▶ **ACTION ITEM**
Beneath this line is the data. Output exactly the lines from the line with "Taiteilija Joan Miró" to the line with "水無方藍窯(みなかたらんよう", both ends included, and nothing more.

▶ **SOURCE DATA**
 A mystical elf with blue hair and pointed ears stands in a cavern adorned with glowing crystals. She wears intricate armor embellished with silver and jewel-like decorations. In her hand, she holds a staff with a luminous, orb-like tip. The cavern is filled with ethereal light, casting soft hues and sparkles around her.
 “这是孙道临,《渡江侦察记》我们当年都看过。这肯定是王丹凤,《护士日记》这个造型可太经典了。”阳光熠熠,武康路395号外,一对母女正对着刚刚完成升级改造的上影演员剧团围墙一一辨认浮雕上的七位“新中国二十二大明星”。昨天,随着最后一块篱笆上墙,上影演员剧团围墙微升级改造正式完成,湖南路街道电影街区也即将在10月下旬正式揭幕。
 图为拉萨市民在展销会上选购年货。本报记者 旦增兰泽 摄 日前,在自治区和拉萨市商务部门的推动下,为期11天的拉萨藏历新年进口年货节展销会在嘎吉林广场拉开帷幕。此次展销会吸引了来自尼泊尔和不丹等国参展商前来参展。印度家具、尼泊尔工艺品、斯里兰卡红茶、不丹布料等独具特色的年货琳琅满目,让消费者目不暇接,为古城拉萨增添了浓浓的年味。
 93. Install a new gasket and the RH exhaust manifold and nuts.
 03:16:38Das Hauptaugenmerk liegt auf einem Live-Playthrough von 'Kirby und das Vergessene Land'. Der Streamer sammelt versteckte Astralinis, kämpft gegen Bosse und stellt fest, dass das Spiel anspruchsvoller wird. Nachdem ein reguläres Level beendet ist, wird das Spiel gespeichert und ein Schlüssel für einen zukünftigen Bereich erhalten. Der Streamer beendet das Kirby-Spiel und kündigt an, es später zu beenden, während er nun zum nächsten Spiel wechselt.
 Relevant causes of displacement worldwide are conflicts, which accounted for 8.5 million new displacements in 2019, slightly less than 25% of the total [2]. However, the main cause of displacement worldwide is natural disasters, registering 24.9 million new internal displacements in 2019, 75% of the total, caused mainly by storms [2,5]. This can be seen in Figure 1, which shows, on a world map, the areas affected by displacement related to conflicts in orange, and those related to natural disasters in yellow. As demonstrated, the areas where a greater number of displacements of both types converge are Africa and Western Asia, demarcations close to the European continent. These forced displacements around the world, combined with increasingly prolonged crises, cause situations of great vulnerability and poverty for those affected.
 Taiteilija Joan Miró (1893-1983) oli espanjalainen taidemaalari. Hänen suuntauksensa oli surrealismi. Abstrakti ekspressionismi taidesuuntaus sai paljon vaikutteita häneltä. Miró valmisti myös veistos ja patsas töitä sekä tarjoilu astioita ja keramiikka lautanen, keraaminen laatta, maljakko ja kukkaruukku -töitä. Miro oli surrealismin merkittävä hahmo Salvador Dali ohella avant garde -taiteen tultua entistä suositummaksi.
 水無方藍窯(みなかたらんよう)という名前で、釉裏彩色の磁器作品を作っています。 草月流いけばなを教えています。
...
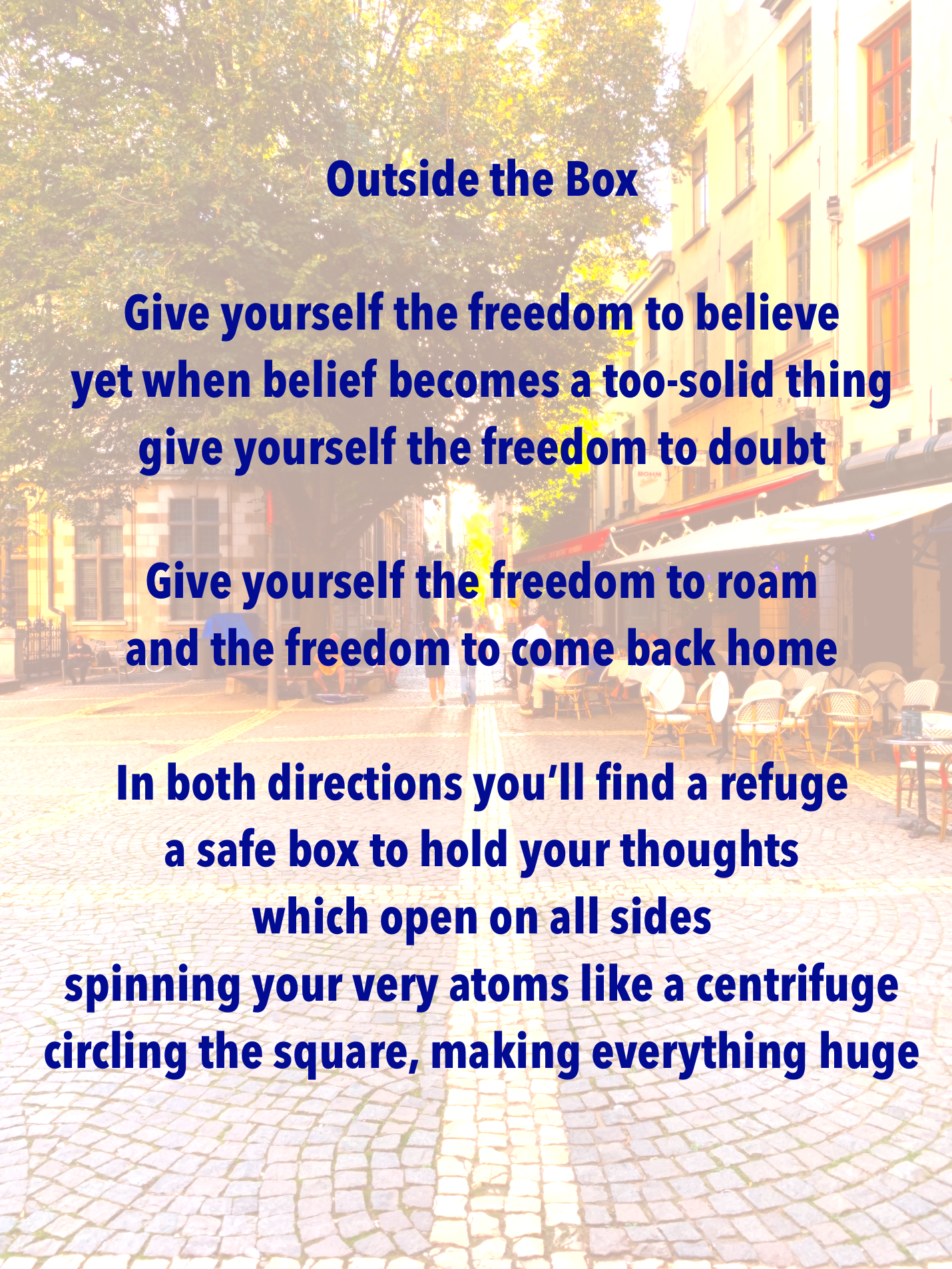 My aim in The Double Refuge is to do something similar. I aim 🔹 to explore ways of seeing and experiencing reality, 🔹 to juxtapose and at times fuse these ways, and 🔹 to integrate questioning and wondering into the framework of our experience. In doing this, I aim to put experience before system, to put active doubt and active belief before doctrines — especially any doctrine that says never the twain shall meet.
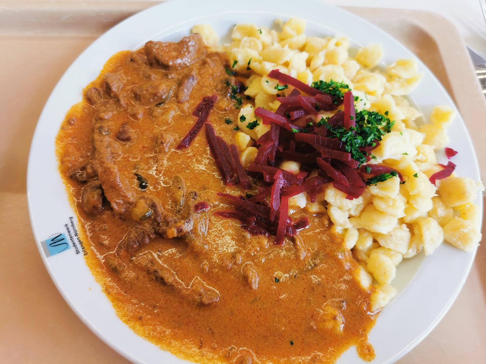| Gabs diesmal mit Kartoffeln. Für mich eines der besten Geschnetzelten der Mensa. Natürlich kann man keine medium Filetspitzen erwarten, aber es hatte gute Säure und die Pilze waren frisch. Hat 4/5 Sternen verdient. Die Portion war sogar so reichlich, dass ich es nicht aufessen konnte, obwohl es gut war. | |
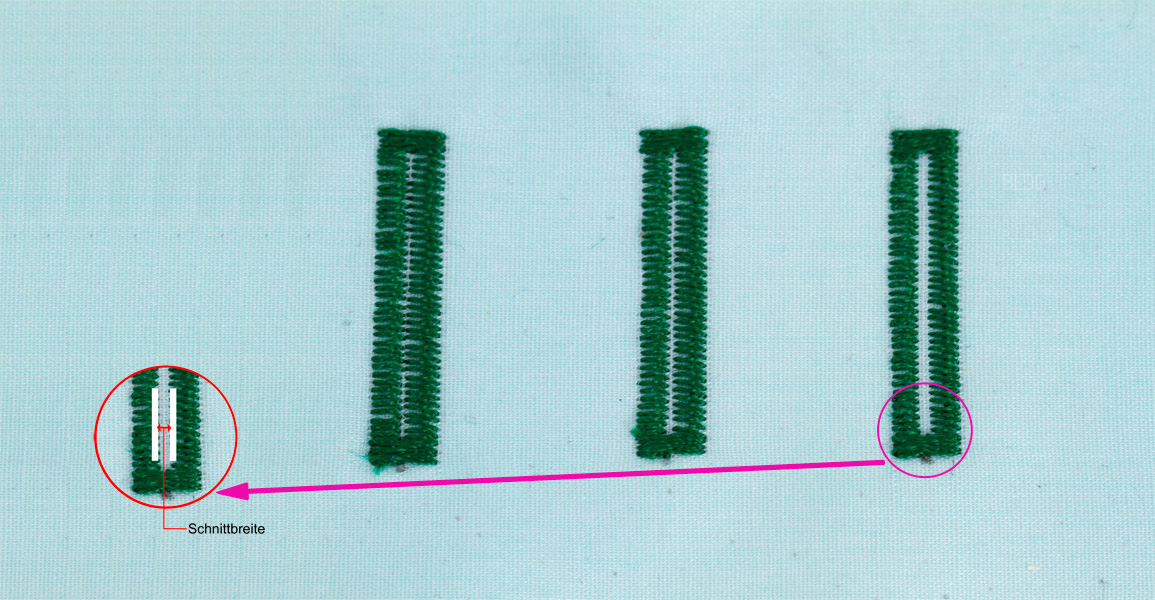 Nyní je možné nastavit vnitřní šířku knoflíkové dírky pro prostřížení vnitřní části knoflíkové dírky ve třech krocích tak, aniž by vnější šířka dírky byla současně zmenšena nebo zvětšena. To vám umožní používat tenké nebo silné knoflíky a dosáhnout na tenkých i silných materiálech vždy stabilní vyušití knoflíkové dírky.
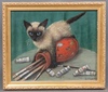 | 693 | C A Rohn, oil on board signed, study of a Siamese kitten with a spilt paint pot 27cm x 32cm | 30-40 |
==
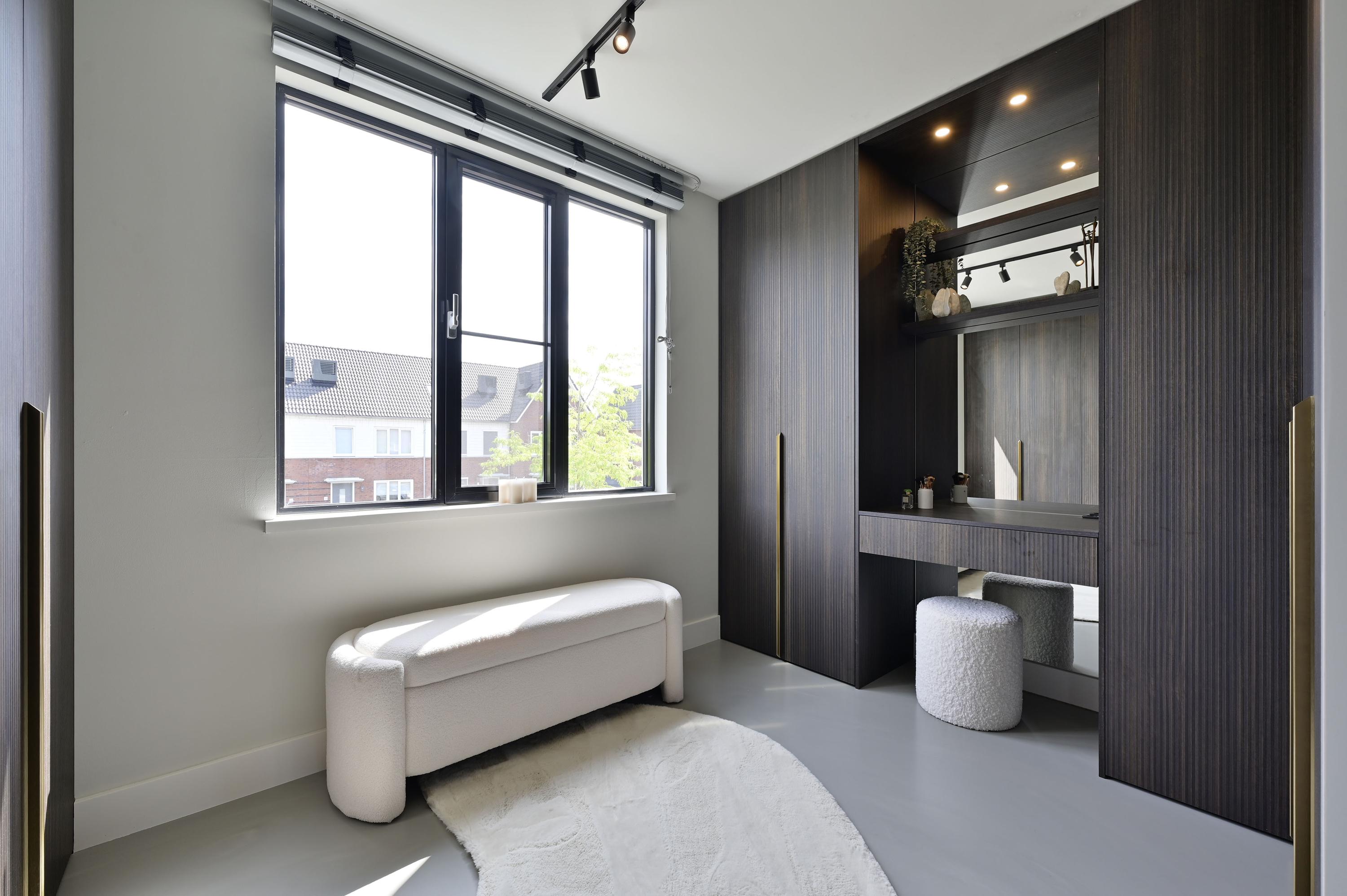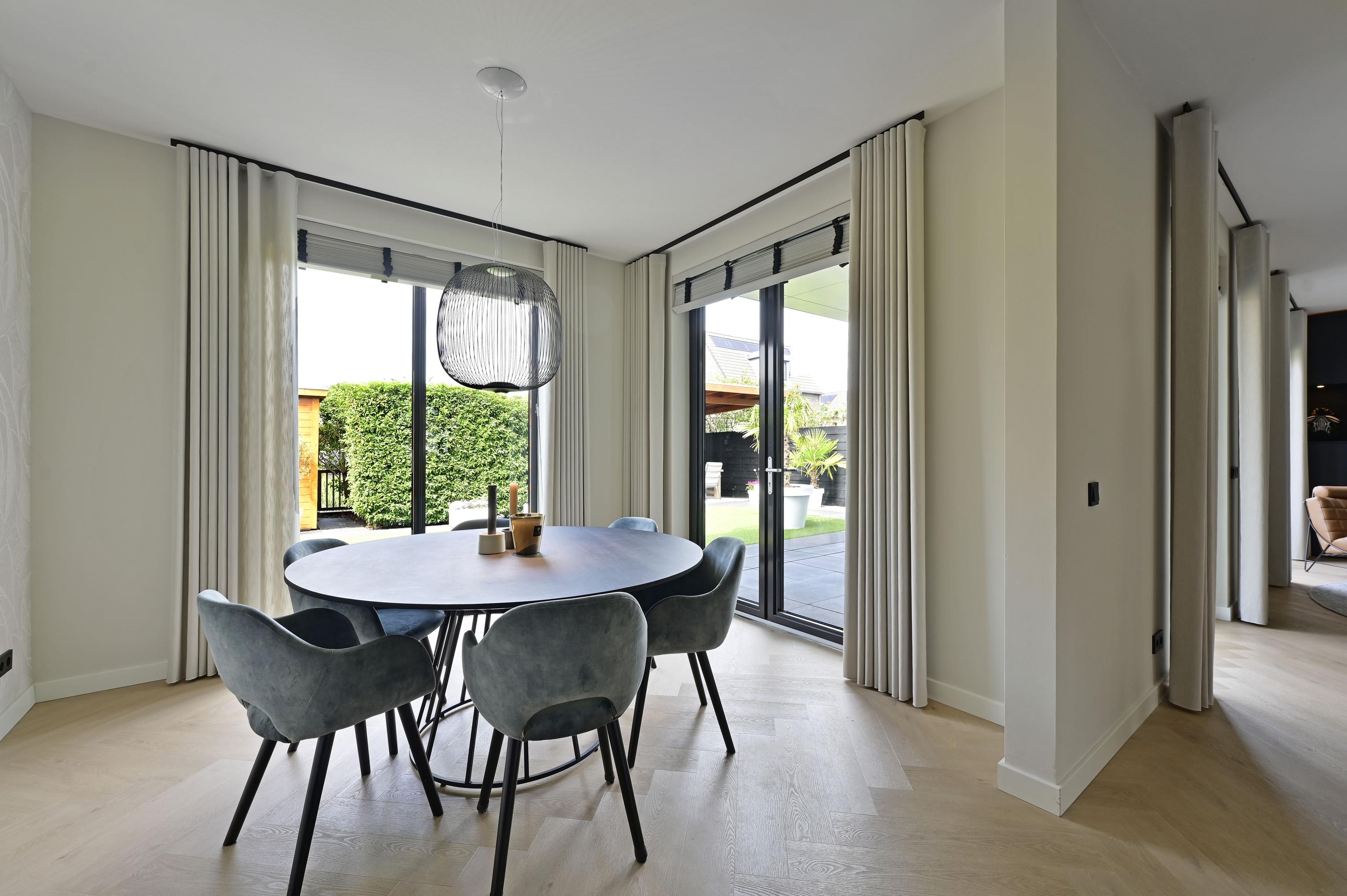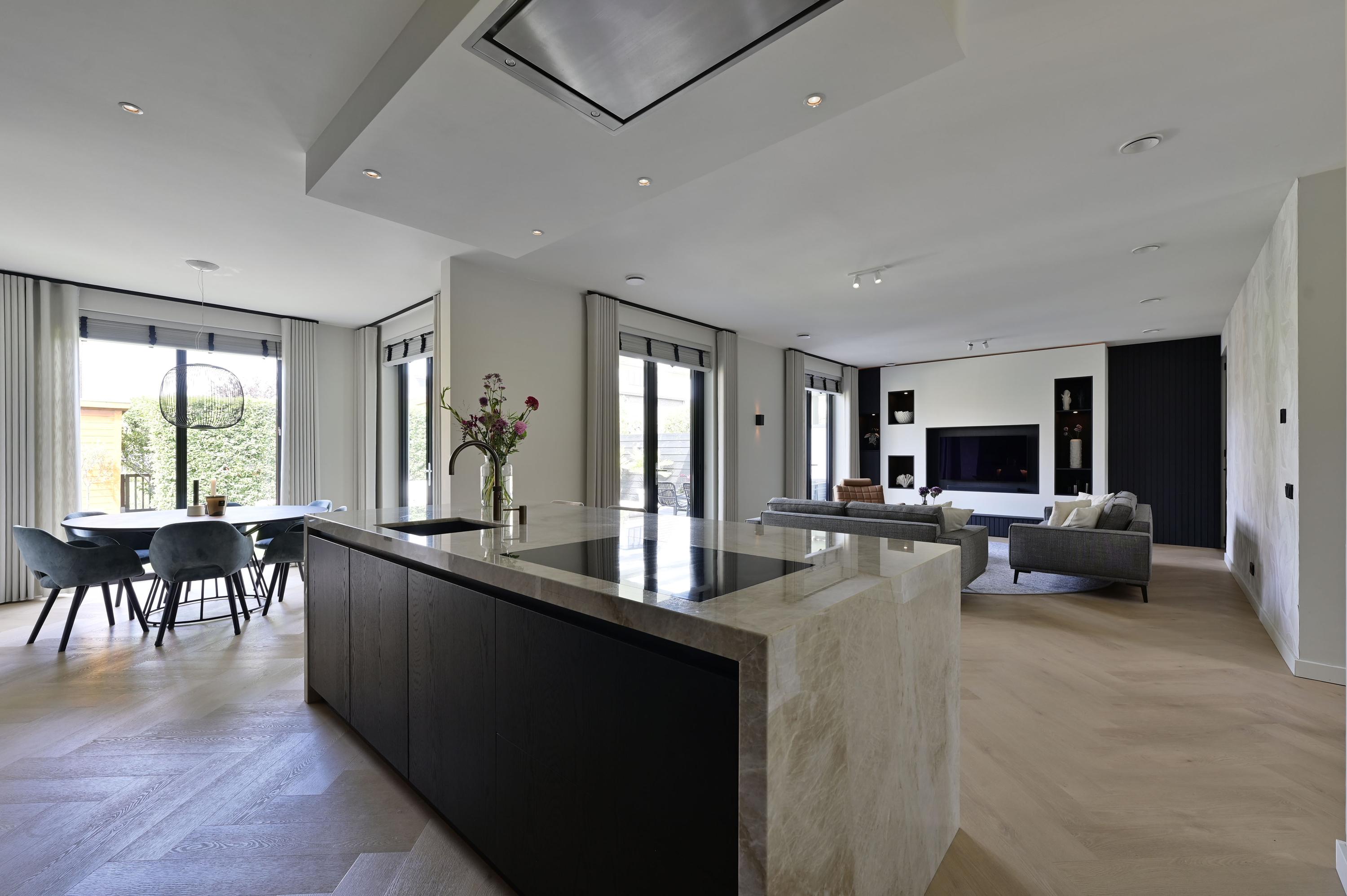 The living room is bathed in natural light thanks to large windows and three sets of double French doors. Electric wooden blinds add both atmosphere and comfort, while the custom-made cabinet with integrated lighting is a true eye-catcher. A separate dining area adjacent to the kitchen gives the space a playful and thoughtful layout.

▶ **WRITTEN REPLY**
 Taiteilija Joan Miró (1893-1983) oli espanjalainen taidemaalari. Hänen suuntauksensa oli surrealismi. Abstrakti ekspressionismi taidesuuntaus sai paljon vaikutteita häneltä. Miró valmisti myös veistos ja patsas töitä sekä tarjoilu astioita ja keramiikka lautanen, keraaminen laatta, maljakko ja kukkaruukku -töitä. Miro oli surrealismin merkittävä hahmo Salvador Dali ohella avant garde -taiteen tultua entistä suositummaksi.
 水無方藍窯(みなかたらんよう)という名前で、釉裏彩色の磁器作品を作っています。 草月流いけばなを教えています。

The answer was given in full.